# Gombert & Phinot made in the same ink if you like one u like the other?



## deprofundis (Apr 25, 2014)

Here my conclusion, here my verdict, beside personnal life , there something these two favor ,complexe double contrapuntic melody J.s Bach like to use so mutch ,according to me and Peter Philips (i.e Gombert Magnificat 1-8 two cd, 1-4 & 5-8 quite incredible stuff, quantum physic , rocket science teaching of Josquin Des pres( according to common knowledge he was a pupil of Josquin , but he carved up more complex work filled whit Bassus and Tenors something you would not seen often whit simple renaissance composer, because Gombert is not about simplicity, What about Dominique Phinot what is link to Gombertian polyphonics, well similar complex patern motettens , brilliant composer like Gombert, my arguments or based on Phinot's : Jeremiah's Lamentation and the fabuleous motet Ecce pulcer es listen for yourself and see what i seen, there music modus operandi are thee same, put your trust in deprofundis on this, i think i know my stuff by know , thee Franco-Flemish vocal dissonnnance never too mutch bass (too loud) yet filled whit it, how paradoxal?
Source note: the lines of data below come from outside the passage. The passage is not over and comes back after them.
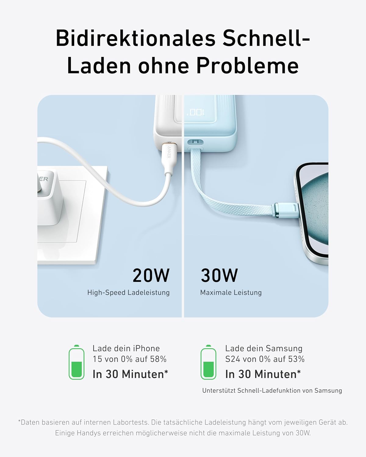 - Schnelles Laden mit 30W: Mit der innovativen Schnellladetechnologie und 30W Leistung lädst du dein iPhone 15 in 30 Minuten von 0 auf 57% auf.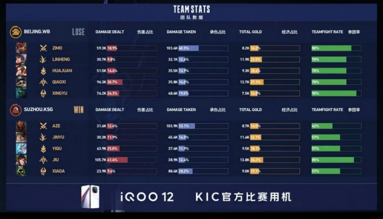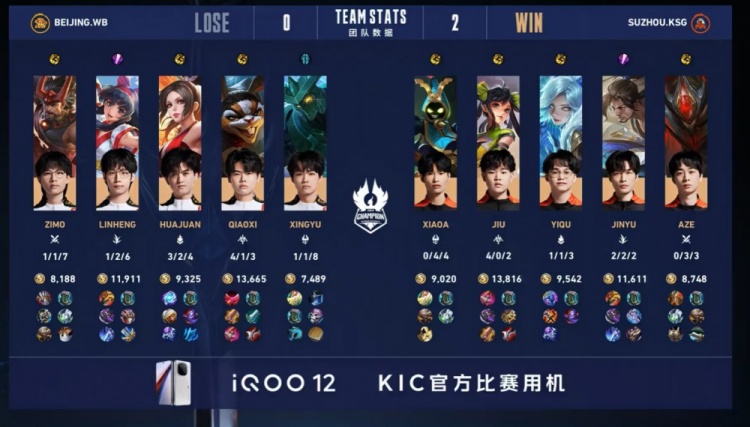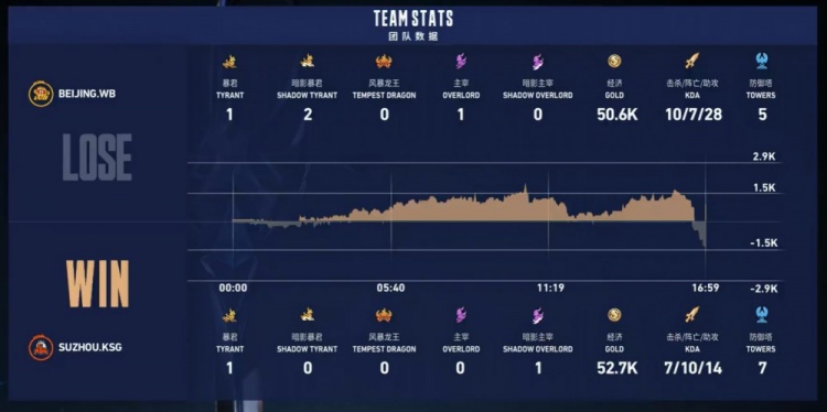 第二局前期北京WB在中上两路打开局面,中上野不断带起节奏,梓墨廉颇更是一马当先主动开团,但双方经济差距仅有2k。后期苏州KSG利用啊泽白起技能全在主动接团,小玖孙尚香疯狂输出,苏州KSG强势一波团灭北京WB后,推平基地再下一城。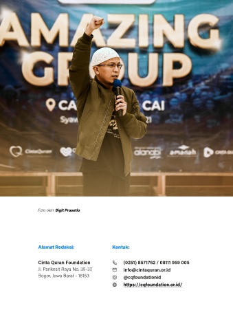 Foto oleh: Sigit Prasetio Alamat Redaksi: Kontak: Cinta Quran Foundation (0251) 8571762 / 08111 959 005 Jl. Parikesit Raya No. 35-37, info@cintaquran.or.id Bogor, Jawa Barat - 16153 @cqfoundationid https://cqfoundation.or.id/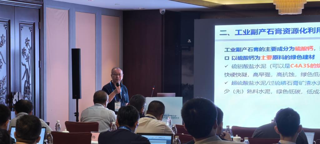 作为大会重要组成部分,桂林理工大学携手广西大学共同承办了“工况固废资源再生技术与应用论坛”分论坛。该分论坛吸引了华南理工大学、重庆大学、济南大学、武汉理工大学、北京科技大学、云南大学等十余知名高校,以及贵州省建科院、广西水科院、中国恩菲、广西鱼峰等科研院所和企业的150多位专家学者参与研讨。桂林理工大学陈平教授带领团队杨建文研究员、刘荣进教授、明阳研究员和胡成副研究员等10余名师生参加本次会议,并作为分论坛主席主持工作。会议上陈平教授围绕“工业副产石膏多途径高值化利用技术及产业化”作了精彩的特邀报告,刘荣进教授和孙杨博士后分别作了“普碳/不锈钢渣在线熟料化再生技术及应用”和“碳捕获制备球霰石及其对CSA水泥水化性能的影响”的主旨报告,也引发了与会专家的热烈讨论。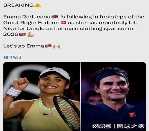 我们再来关注球员动态。北京时间昨晚,有外媒报道,称英国一姐拉杜卡努在2026赛季将结束和耐克4年的合作关系,转而牵手日本的服装赞助商优衣库。球迷们都知道,2018年,瑞士天王费德勒结束与耐克长达24年的合作,与优衣库签订了长达10年3亿美元的天价代言协议,成为这个品牌首位网球领域的全球大使。这一次,拉杜卡努也牵手优衣库,要和费天王作伴啦!至于双方的代言金额,目前还没有披露,估计也得是个大价钱。

Is Phinot a Gombertian classical composer in is approched to the music itself, lucid , incrediblely complex harmonic dissonant polyphony, not mutch sound like Nicolas Gombert Execpt... Dominique Phinot and perhaps i said perhaps Manchicourt or Vaet, the all adored or worship virgin mary, if im accurated..than these were my two cents, im listening to Gombert complete cycle of Magnificat and Dominique Phinot on Brabant Ensemble per se.Because im convinced im wright or on to something, perhaps Phinots is Gombert 2?

So dear Ladie's & Gentelmens, do i know my stuff, do i have credential in knowledge of thee franco-flemish species of 16 century renaissance?... do i ?

Im not trying to impress yah and do dolphins jumps here ,but proof to you something you perhaps forgets or think similars.. I connect the dots see, sometime im wrong sometime im burning close to reality, realism, music.

HHve a nice day folks ockay and please , specialist contributed, give me your impression of these two
are there music similar, why is it similar to my hear , i'm not some noobs of Franco-Flemish and im not flashy(du tappe a l'oeil), i m am just a man a simple man, a music nerd!.. and that about it folks.Did you drawn the same conclusions as me, concerning these two composer Phinot & Gombert different but so much in common music wise... it seem to my ears. Who think im brilliant here and who think im idiot here.. are drawn conclusion easely, whiteout motive.


:tiphat:


----------



## Mandryka (Feb 22, 2013)

Strangely enough I only came across Phinot last week, for the first time. I was exploring music by Sermisy and I found a song on that recording you have by The Brabant Ensemble. I haven't listened to it properly yet. 

Re Gombert magnificats, have you heard the recording from Stile Antico?


----------